→ **What is required**:
Type out each record word for word. Pictures stay out.

→ **Data excerpts**:
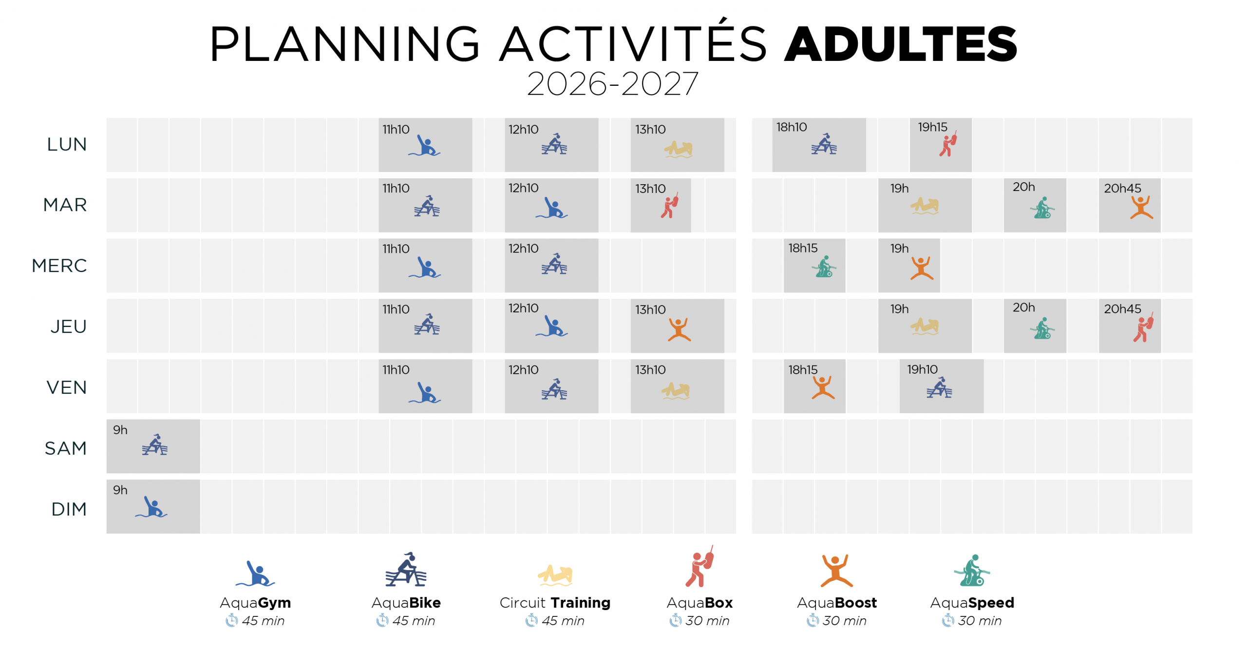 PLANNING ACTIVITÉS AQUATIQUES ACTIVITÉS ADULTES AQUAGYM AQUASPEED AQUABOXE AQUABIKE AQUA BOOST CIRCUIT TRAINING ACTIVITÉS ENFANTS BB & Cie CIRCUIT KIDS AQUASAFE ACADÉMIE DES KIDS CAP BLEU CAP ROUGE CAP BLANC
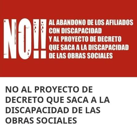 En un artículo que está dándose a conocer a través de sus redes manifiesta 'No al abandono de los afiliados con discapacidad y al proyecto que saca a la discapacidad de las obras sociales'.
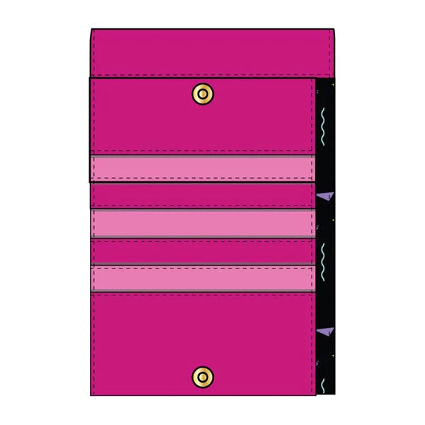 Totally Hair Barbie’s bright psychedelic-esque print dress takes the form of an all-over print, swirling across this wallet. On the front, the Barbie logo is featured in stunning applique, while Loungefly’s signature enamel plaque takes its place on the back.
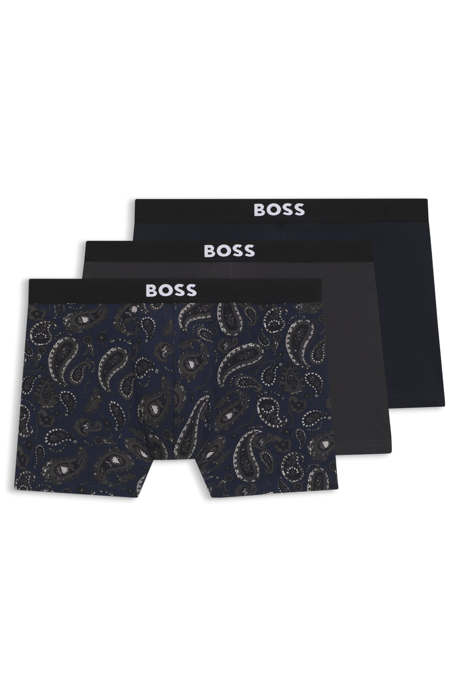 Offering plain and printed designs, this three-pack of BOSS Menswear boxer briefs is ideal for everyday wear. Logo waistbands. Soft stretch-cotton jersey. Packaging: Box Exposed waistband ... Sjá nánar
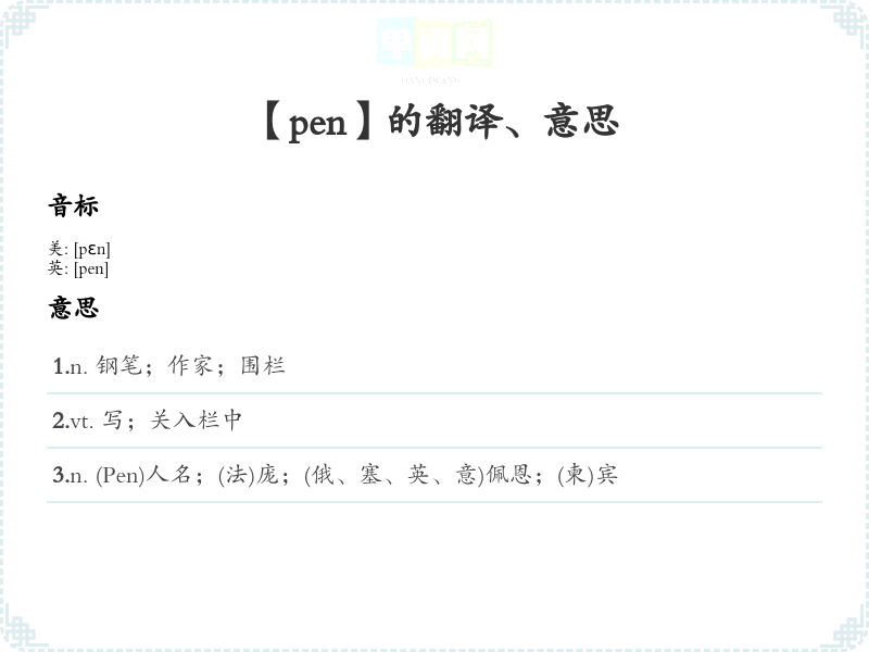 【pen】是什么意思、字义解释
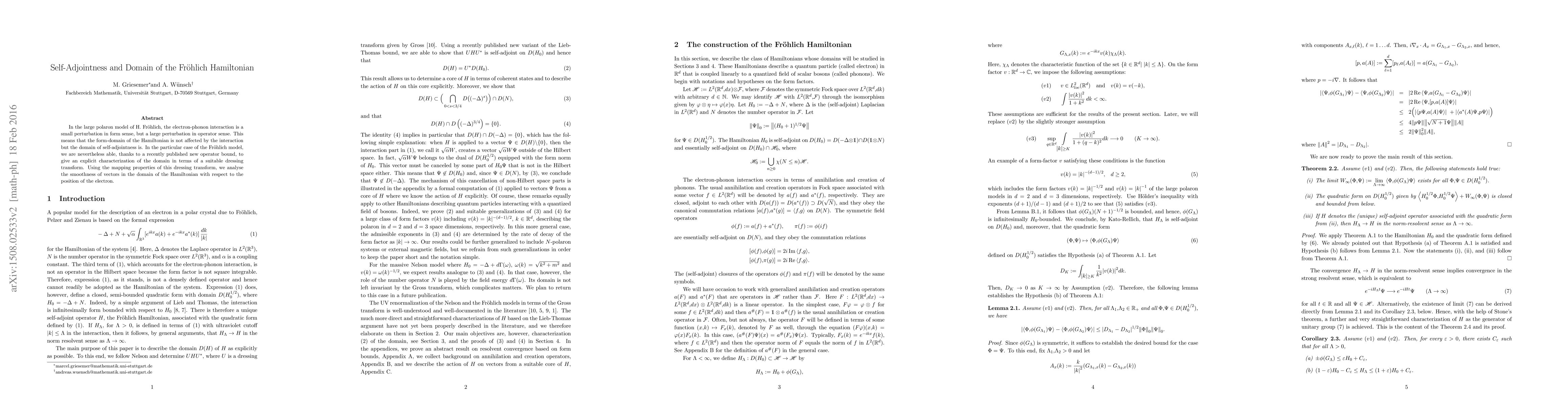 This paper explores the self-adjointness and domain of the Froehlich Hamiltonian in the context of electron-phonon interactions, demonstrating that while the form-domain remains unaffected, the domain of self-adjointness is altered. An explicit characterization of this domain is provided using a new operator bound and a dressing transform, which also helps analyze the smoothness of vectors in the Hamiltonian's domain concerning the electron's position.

→ **Exercise answer**:
 PLANNING ACTIVITÉS AQUATIQUES ACTIVITÉS ADULTES AQUAGYM AQUASPEED AQUABOXE AQUABIKE AQUA BOOST CIRCUIT TRAINING ACTIVITÉS ENFANTS BB & Cie CIRCUIT KIDS AQUASAFE ACADÉMIE DES KIDS CAP BLEU CAP ROUGE CAP BLANC
 En un artículo que está dándose a conocer a través de sus redes manifiesta 'No al abandono de los afiliados con discapacidad y al proyecto que saca a la discapacidad de las obras sociales'.
 Totally Hair Barbie’s bright psychedelic-esque print dress takes the form of an all-over print, swirling across this wallet. On the front, the Barbie logo is featured in stunning applique, while Loungefly’s signature enamel plaque takes its place on the back.
 Offering plain and printed designs, this three-pack of BOSS Menswear boxer briefs is ideal for everyday wear. Logo waistbands. Soft stretch-cotton jersey. Packaging: Box Exposed waistband ... Sjá nánar
 【pen】是什么意思、字义解释
 This paper explores the self-adjointness and domain of the Froehlich Hamiltonian in the context of electron-phonon interactions, demonstrating that while the form-domain remains unaffected, the domain of self-adjointness is altered. An explicit characterization of this domain is provided using a new operator bound and a dressing transform, which also helps analyze the smoothness of vectors in the Hamiltonian's domain concerning the electron's position.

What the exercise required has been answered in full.